--- Information shown Enclosed Below ---
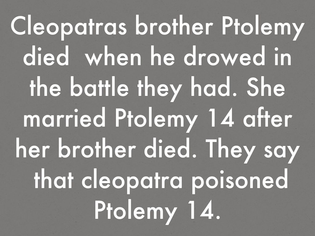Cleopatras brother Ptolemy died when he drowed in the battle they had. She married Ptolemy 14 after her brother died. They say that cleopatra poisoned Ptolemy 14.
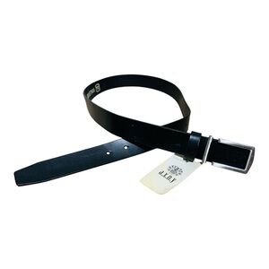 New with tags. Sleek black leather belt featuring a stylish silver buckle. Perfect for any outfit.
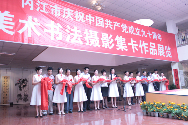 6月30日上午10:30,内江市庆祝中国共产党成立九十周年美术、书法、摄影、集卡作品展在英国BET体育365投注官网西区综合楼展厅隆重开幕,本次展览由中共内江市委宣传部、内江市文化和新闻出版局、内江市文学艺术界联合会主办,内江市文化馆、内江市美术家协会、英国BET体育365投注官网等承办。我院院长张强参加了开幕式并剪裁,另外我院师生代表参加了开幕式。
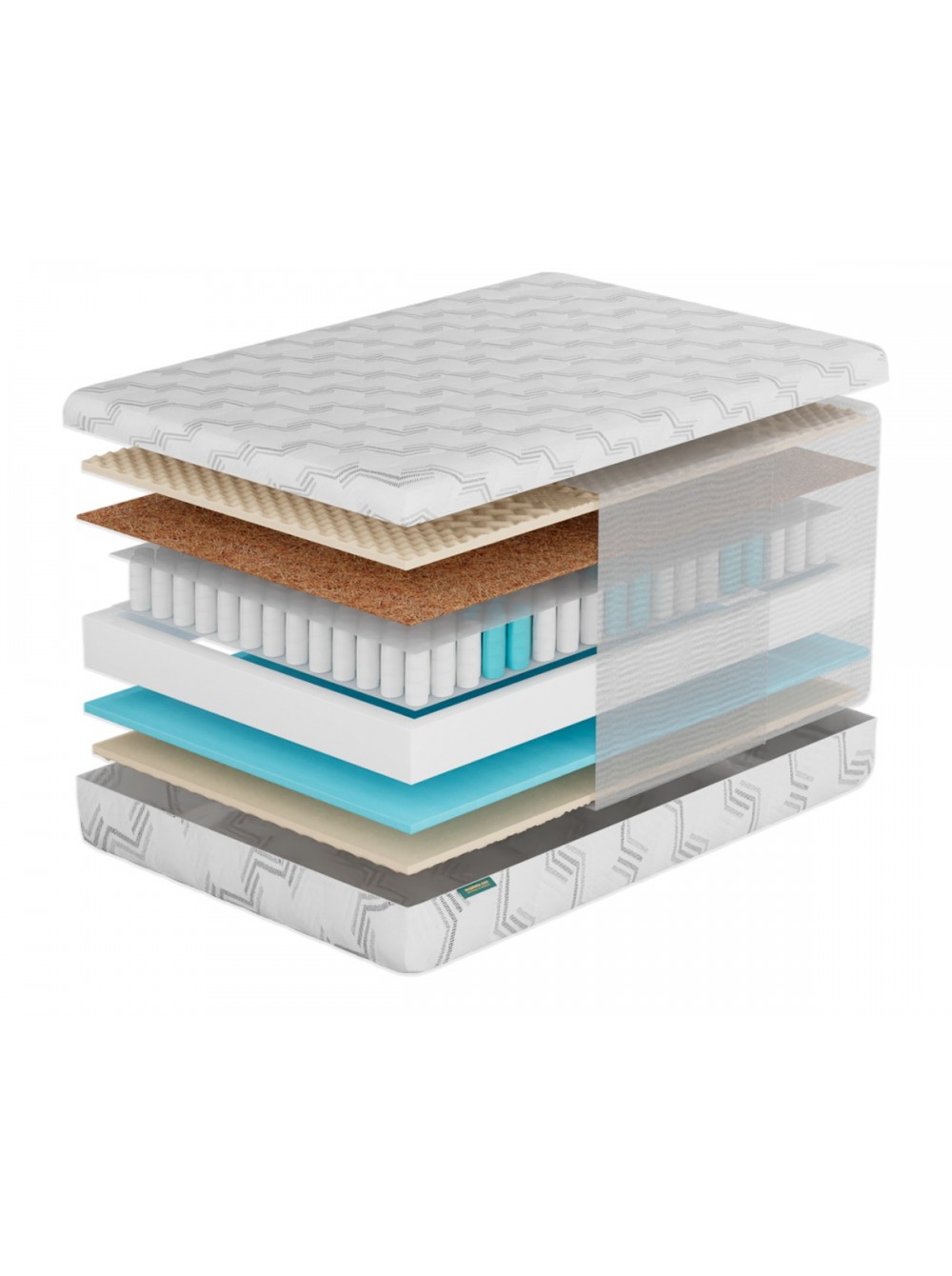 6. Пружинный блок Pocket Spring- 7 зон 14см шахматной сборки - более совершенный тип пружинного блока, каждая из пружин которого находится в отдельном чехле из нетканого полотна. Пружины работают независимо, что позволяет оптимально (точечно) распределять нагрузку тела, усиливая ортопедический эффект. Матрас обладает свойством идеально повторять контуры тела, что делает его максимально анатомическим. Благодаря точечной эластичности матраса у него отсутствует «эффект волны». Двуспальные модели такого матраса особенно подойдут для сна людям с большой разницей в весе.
--- End of Enclosed Information shown ---
About this task
Word for word, retype the lines from the one that contains "New with tags." through the final line of the data, both ends included, excluding pictures.

Answer box
 New with tags. Sleek black leather belt featuring a stylish silver buckle. Perfect for any outfit.
 6月30日上午10:30,内江市庆祝中国共产党成立九十周年美术、书法、摄影、集卡作品展在英国BET体育365投注官网西区综合楼展厅隆重开幕,本次展览由中共内江市委宣传部、内江市文化和新闻出版局、内江市文学艺术界联合会主办,内江市文化馆、内江市美术家协会、英国BET体育365投注官网等承办。我院院长张强参加了开幕式并剪裁,另外我院师生代表参加了开幕式。
 6. Пружинный блок Pocket Spring- 7 зон 14см шахматной сборки - более совершенный тип пружинного блока, каждая из пружин которого находится в отдельном чехле из нетканого полотна. Пружины работают независимо, что позволяет оптимально (точечно) распределять нагрузку тела, усиливая ортопедический эффект. Матрас обладает свойством идеально повторять контуры тела, что делает его максимально анатомическим. Благодаря точечной эластичности матраса у него отсутствует «эффект волны». Двуспальные модели такого матраса особенно подойдут для сна людям с большой разницей в весе.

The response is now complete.